I want to bubble sort a singly linked list in c++, but i keep facing a lvalue error and i am unable to resolve it

Question

Here is the code that might help you understand my problem, i am using a node class and a list class. Here is the error: [Error] lvalue required as left operand of assignment. any help would be appreciated..!!

class Node{
    private:
        int data;
        Node* next;
    public:
        void SetNext(Node* next){
            this->next=next;
        }
        void SetData(int data){
            this->data=data;
        }
        Node* GetNext(){
            return next;
        }
        int GetData(){
            return data;
        }
};
class List{
    private:
        Node *CurrentLocation;
    public:
        List(){
            CurrentLocation=NULL;
        }
    void SortList(){

            Node *t1,*t2;
            int temp;
            for(t1=CurrentLocation;t1!=NULL;t1=t1->GetNext()){
                for(t2=CurrentLocation;t2!=NULL;t2=t2->GetNext()){
                    if(t2->GetData()>t1->GetNext()->GetData()){
                        temp=t2->GetData();
                        t2->GetData()=t2->GetNext()->GetData();
                        t2->GetNext()->GetData()=temp;
                    }
                }
            }
        }
};

Answer 1

You are trying to assign to an rvalue . This rvalue is a temporary copy of your data. not the original one.
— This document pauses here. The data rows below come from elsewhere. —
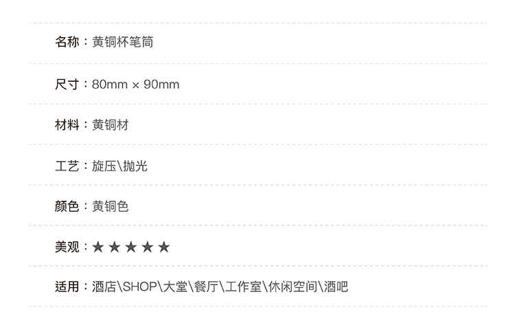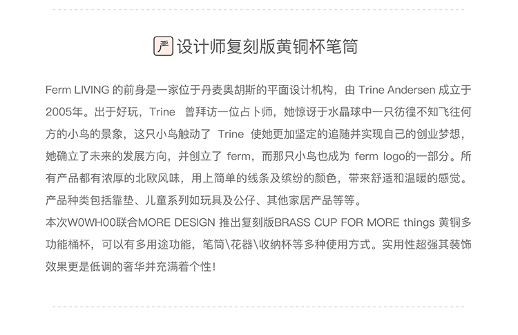 本次inyard严选联合MORE DESIGN 推出复刻版BRASS CUP FOR MORE things 黄铜多功能桶杯,可以有多用途功能,笔筒\花器\收纳杯等多种使用方式。实用性超强其装饰效果更是低调的奢华并充满着个性!(黄铜材质的产品避免碰水哦,黄铜遇水是易氧化起锈斑的。) 举报 极有家认证[原创设计]:专属设计,限量生产,只为你造 商家承诺:提供“材质保真”服务,如材质与描述不符可获赔200%
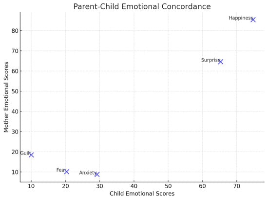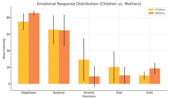- Cronbach’s Alpha: Internal consistency was assessed to ensure the reliability of emotional intensity measurements. Values above 0.7 indicated acceptable reliability, with for children and for mothers.
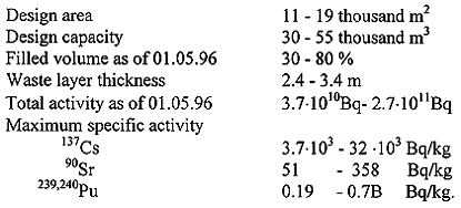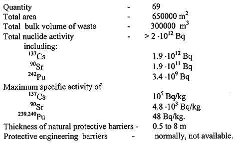 The main goal of clean-up work is to improve radiological situation in polluted populated areas and prevent propagation of radionuclides as a result of fires and unauthorized exportation of contaminated materials. That work includes removal of contaminated soil, decontamination of installations and industrial equipment, dismantling of structures and buildings being not subjected to clean-up. In the period of 1986-1989, about 500 settlements were decontaminated, (2). More than 300000 m3 of waste ware generated. The waste consisting of removed soil, roofing slate, boards, household articles, domestic garbage, structural elements were brought together into 69 interim storage sites. Ravines, sand pits, foundation pits, trenches, etc. were used as 'natural' locations for the sites with no due account taken of hydrogeological situation. In 1992, within the State Program launched, examination and inventory-taking of the storage sites have been completed (3,4). The sites have the following characteristics:
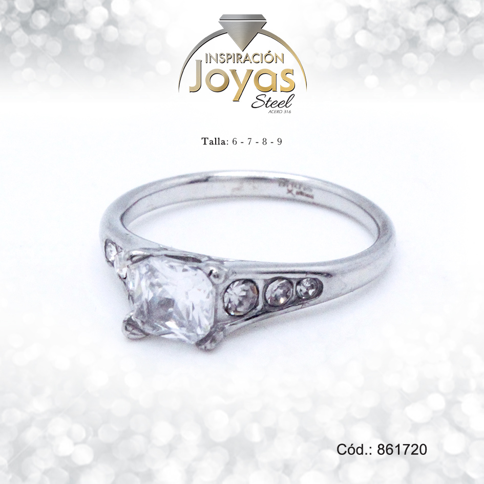 Anillo – Acero – Forma De Solitario – Plateado – Circon Blanco T: 9 – 86172090
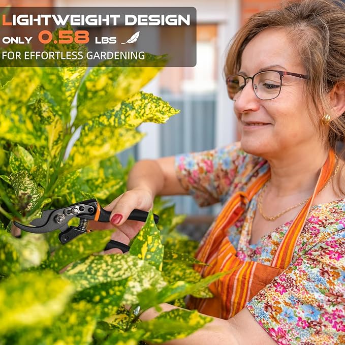 • POWERFUL LEVER CUTTING TECHNOLOGY: Garden shears feature an innovative lever cutting design that triples the cutting force, making it effortless to prune thicker branches. Perfect for branches up to 1 inch in diameter, the lever mechanism enhances cutting power through an optimized structure, allowing you to handle thick, wet, or dry wood with ease

It will be destroyed as soon as the expression executes, hence u can't assign to it.

To assign to your data, u must return a reference to it, as follows

int& GetData(){
    return data;
}

As user4581301 has mentioned, I advise you to see this What are rvalues, lvalues, xvalues, glvalues, and prvalues?

The previous description was upon the problem itself but It would be better to write a setter for your data like your getter, as follows

void setData(int newData){
    data = newData;
}

Answer 2

Here's the problem line:

t2->GetData()=t2->GetNext()->GetData();

The issue is that the GetData() function returns a copy of the member data which has no local storage (you haven't assigned it to a named variable, hence it's an rvalue). The reason the compiler complains is because really this does nothing. You're assigning a new value to a temporary value that's going away immediately after the line executes.

Converting the member function to

int& GetData(){
    return data;
}

means when you call t2->GetData() it actually refers to the data member of t2 and it isn't just a temporary that goes away.

Really though it's probably just better to make data a public member variable so you can just set it/read from it directly

Answer 3

This line is problematic:

t2->GetData()=t2->GetNext()->GetData();

You're trying to assign a value into the data int. However, the GetData member function don't return data itself: is instead returns a temporary copy. You cannot assign into temporaries. To grossly simplify, the compiler call temporaries as rvalue , and non temporary as lvalue . Assignments need lvalues, as it would make little sense to assign into temporaries.

The best would be to use the setter function to set the value:

t2->SetData(t2->GetNext()->GetData());

Here the setter will assign into the data data member.